**Exercise goal**
Your task is to give the listing below back word for word, pictures excluded.

**Data provided**
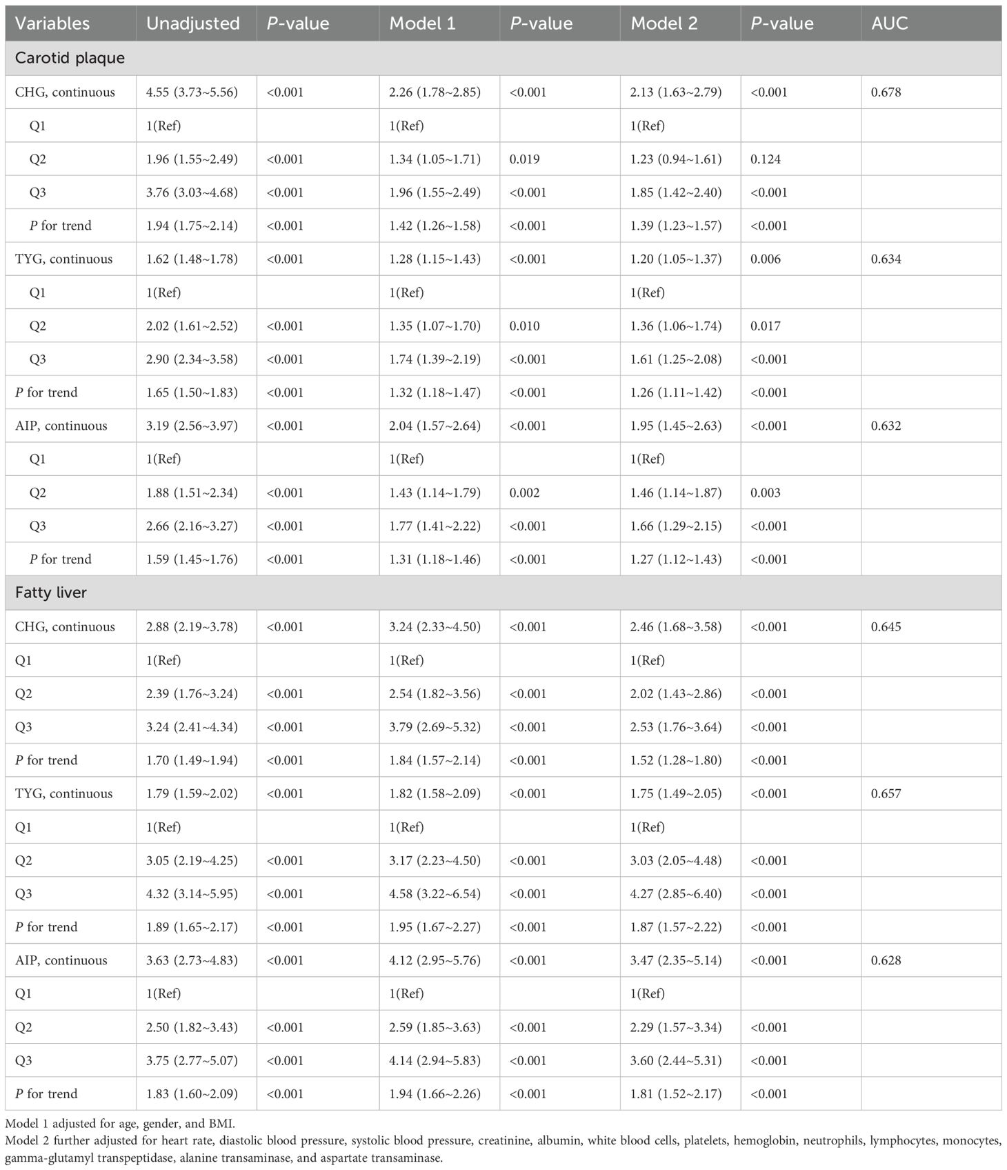Conclusions: Our research found that CHG, TYG, and AIP were positively correlated with carotid plaque and fatty liver. Moreover, CHG demonstrated superior predictive ability for carotid plaque outcomes, whereas TYG demonstrated better performance for fatty liver outcomes.
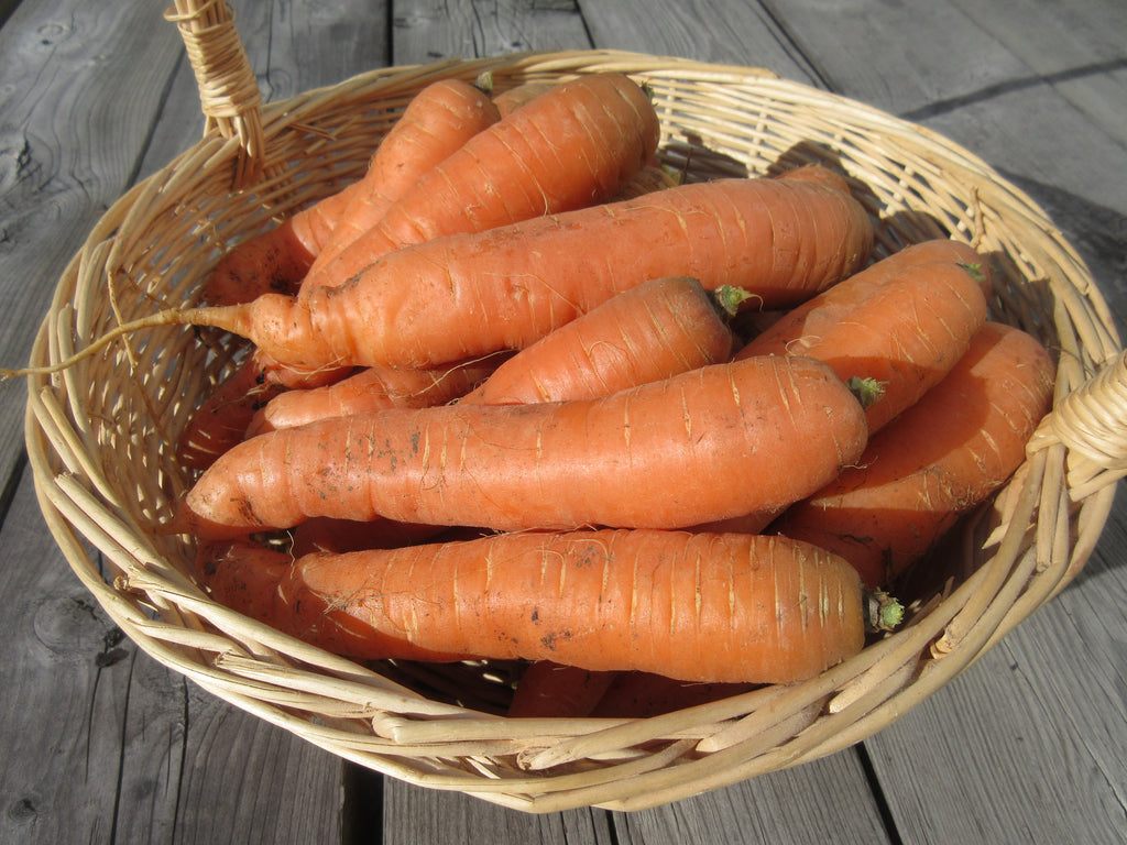 Origine de la semence: Les semences sont produites à la ferme et sont de la première génération sélectionnée ici. Nous nous sommes procuré les semences mères de cette carotte chez High Mowing Seeds.
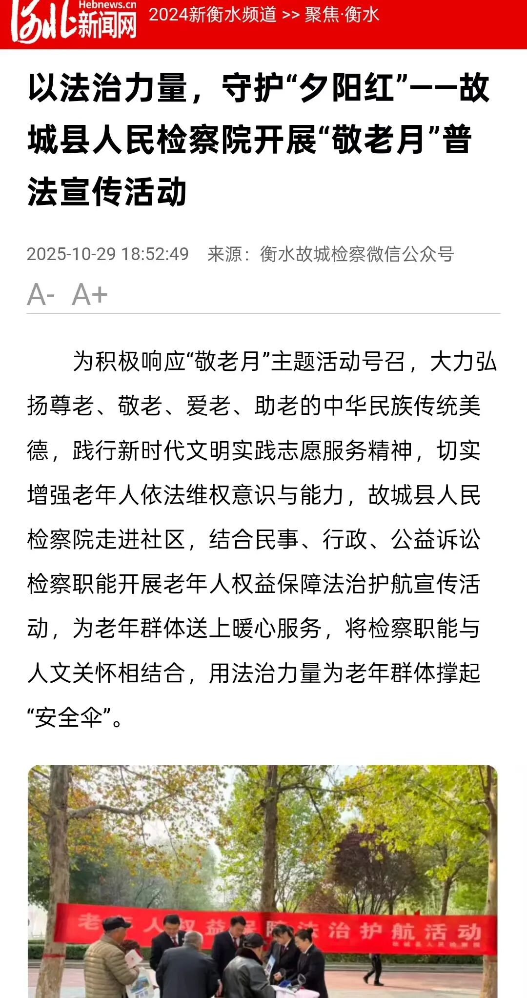 刊发原文: 为积极响应“敬老月”主题活动号召,大力弘扬尊老、敬老、爱老、助老的中华民族传统美德,践行新时代文明实践志愿服务精神,切实增强老年人依法维权意识与能力,故城县人民检察院走进社区,结合民事、行政、公益诉讼检察职能开展老年人权益保障法治护航宣传活动,为老年群体送上暖心服务,将检察职能与人文关怀相结合,用法治力量为老年群体撑起“安全伞”。

**Answer for the task**
Conclusions: Our research found that CHG, TYG, and AIP were positively correlated with carotid plaque and fatty liver. Moreover, CHG demonstrated superior predictive ability for carotid plaque outcomes, whereas TYG demonstrated better performance for fatty liver outcomes.
 Origine de la semence: Les semences sont produites à la ferme et sont de la première génération sélectionnée ici. Nous nous sommes procuré les semences mères de cette carotte chez High Mowing Seeds.
 刊发原文: 为积极响应“敬老月”主题活动号召,大力弘扬尊老、敬老、爱老、助老的中华民族传统美德,践行新时代文明实践志愿服务精神,切实增强老年人依法维权意识与能力,故城县人民检察院走进社区,结合民事、行政、公益诉讼检察职能开展老年人权益保障法治护航宣传活动,为老年群体送上暖心服务,将检察职能与人文关怀相结合,用法治力量为老年群体撑起“安全伞”。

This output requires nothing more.